# Dual OTG Pen Drive? Which one?



## ithehappy (Sep 14, 2014)

I have a eBay coupon of 500 rupees and it expires tomorrow! So wanted to buy a small thing, the only thing I don't have is a dual pen drive. 

I found there are two in my budget, the SanDisk Ultra Dual, Sandisk Ultra Dual 16 GB On-The-Go Pendrive - Sandisk : Flipkart.com 

and the Transcend JetFlash 380, Transcend JetFlash 380 OTG 16 GB On-The-Go Pendrive - Transcend : Flipkart.com

I just wanted to purchase the SanDisk because of more warranty, but is there any advantage of having the Transcend one, I mean better transfer rate or anything?

I know it's a tiny purchase but it doesn't hurt to ask


----------



## SaiyanGoku (Sep 14, 2014)

+1 to SanDisk Dual


----------



## Vyom (Sep 14, 2014)

Glad to know other brand have come up with OTG pen drives, apart from Amkette.
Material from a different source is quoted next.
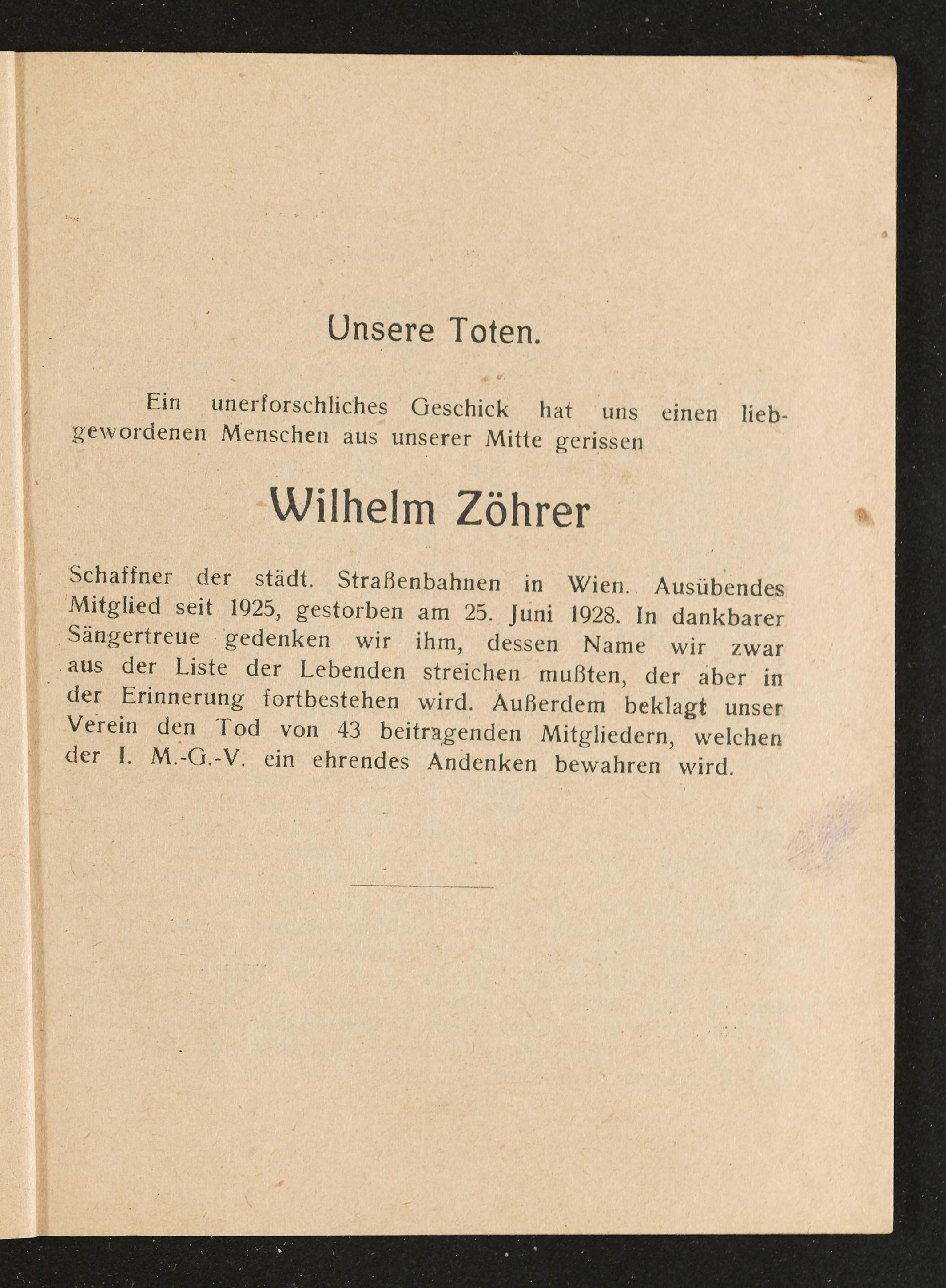 | Beschreibung | Jahresbericht des ersten Männer-Gesangsvereines der städtischen Straßenbahnen in Wien über das 26. Vereinsjahr 1928 |

I will surely get one for myself too.
And plus one to Sandisk one.


----------



## $hadow (Sep 14, 2014)

i am also getting sandisk


----------



## ithehappy (Sep 16, 2014)

Thanks guys, ordered the SanDisk one two days ago.

From this link if anyone's thinking about getting one, Sandisk Ultra Dual 32 GB ON THE GO Pendrive | eBay


----------



## adityak469 (Sep 26, 2014)

got the 32GB Dual pen drive today


----------